The acceleration of Kim’s atomic and missile programs — North Korea launched four ballistic missiles in a test last month — is meant to prove that the country is, and will remain, a nuclear power to be reckoned with.
For Trump, that reckoning is coming even as his strategy to halt North Korea’s program remains incomplete and largely unexplained, and as some experts say the very idea of stopping Pyongyang’s efforts is doomed to failure.
Trump’s budget is expected to include more funds for anti-missile defenses, and officials say he is continuing a cyber and electronic warfare effort to sabotage North Korea’s missile launches.
POLICY QUESTIONED
Trump’s insistence that he will solve the North Korea problem makes it hard to imagine a shift toward acceptance of its arsenal, but in private, even some of his closest aides have begun to question whether the goal of “complete, verifiable, irreversible disarmament” — the policy followed by the administrations of former US presidents Barack Obama and George W. Bush — is feasible anymore.
“We need to change the fundamental objective of our policy, because North Korea will never willingly give up its program,” former CIA deputy director Michael Morell, and retired US admiral and former vice chairman of the US Joint Chiefs of Staff James Winnefeld Jr last week wrote on the Web site The Cipher Brief.
“Washington’s belief that this was possible was a key mistake in our initial policy thinking,” added the two men, experienced hands at countering North Korea.
The US and China should abandon the idea of denuclearizing the Korean Peninsula and turn to old-fashioned deterrence, they said.
Similarly, former senior US Department of State non-proliferation expert Robert Einhorn wrote in a new report for the Brookings Institution that a “dual-track strategy involving both pressure and negotiations” would be more likely to “bring China on board.”
The technique is reminiscent of what was used to push Iran into nuclear negotiations.
However, “while the complete denuclearization of North Korea would be the ultimate goal of negotiations, there is virtually no prospect that it could be achieved in the near term,” Einhorn said.
The Chinese appear unlikely to make more than token efforts to squeeze North Korea, fearing the repercussions if the regime were to collapse, and Kim has made it clear that he is not about to negotiate away what he sees as his main protection against being overthrown by the US and its allies.
“China will either decide to help us with North Korea, or they won’t,” Trump said in the Financial Times interview.
If the Chinese fail to act, he added: “It won’t be good for anyone.”

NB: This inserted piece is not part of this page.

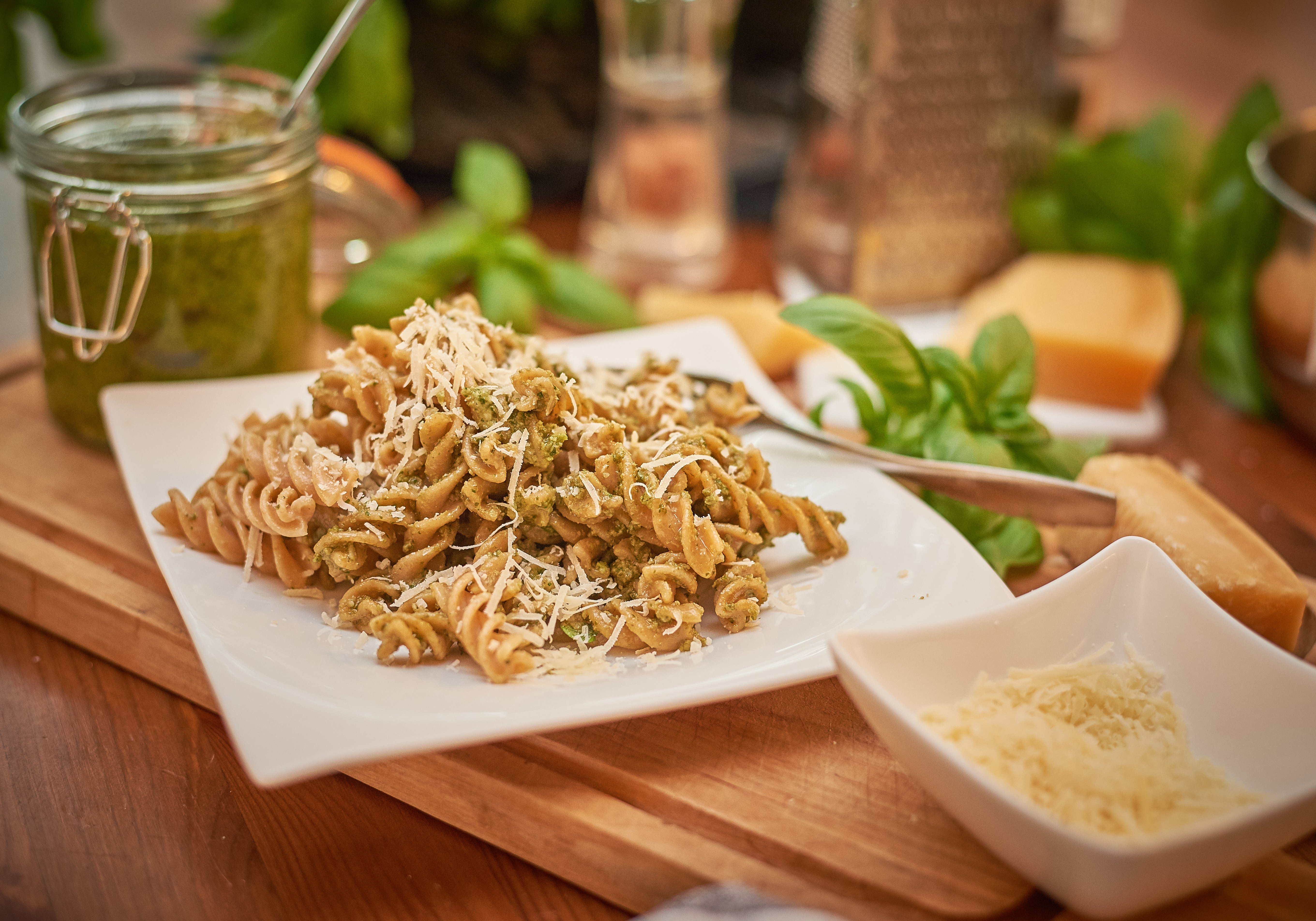 Retsept sai kirja Pere ja Kodu ajakirja köögirubriigi jaoks septembris 2018. Igasuguste keerukamate kunsttükkide vahele on see pestoga pasta minu argipäevade lemmik. Tõttöelda pole argiõhtul enamustel meist aega, et hakata lasanjet valmistama või suppi keetma ning siis tuleb appi 15-minuti pasta. Isegi kui teha pesto ise, võtab see kõik kokku maksimaalselt 20 minutit. Lisaboonusena on see toit ka koolilapsele igati jõukohane – pane koolijütsile pesto kappi ootele ja laps saab koju jõudes endale ise toitva söögi teha!

It is unclear how close North Korea is to constructing a hydrogen bomb, but Siegfried Hecker, a Stanford University professor who once directed the Los Alamos weapons laboratory in New Mexico and has visited North Korea’s main nuclear complex, said the advertisement for lithium-6, while surprising, was a reminder that North Korea, though a backward country, is still capable of major technical advances.
“I can’t imagine they’re not working on true thermonuclear weapons,” Hecker said in an interview.
PREPARATIONS
As Trump and Xi meet tomorrow, Kim, on the other side of the world, might have a plan of his own for the summit meeting: Satellite photographs suggest he is preparing for a sixth nuclear test. Workers have dug a deep tunnel, which can block radioactive leaks if carefully sealed, leaving intelligence experts struggling to estimate North Korea’s progress.

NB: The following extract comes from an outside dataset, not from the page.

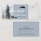 Un carte de visite d'aventure moderne en plein air avec la phrase : "laissez l'aventure commencer" avec des ours à pied et un majestueux pin et chaîne de montagnes. Un style rustique moderne et tendance pour un guide en plein air. Un arrière - plan gris bleu fumé et un type de script.

US intelligence officials, and their South Korean and Japanese counterparts, are debating whether the next blasts will mark major steps down the road to a true thermonuclear weapon.
As for the excess lithium-6, any interested buyers might have a hard time answering the ad.
The street address given in the advertisement does not exist. The telephone has been disconnected or no one answers.
However, if the operation really is being run out of the North Korean embassy in Beijing, it should not be hard for Xi to find out: It is about 4km down the road from the compound where he lives.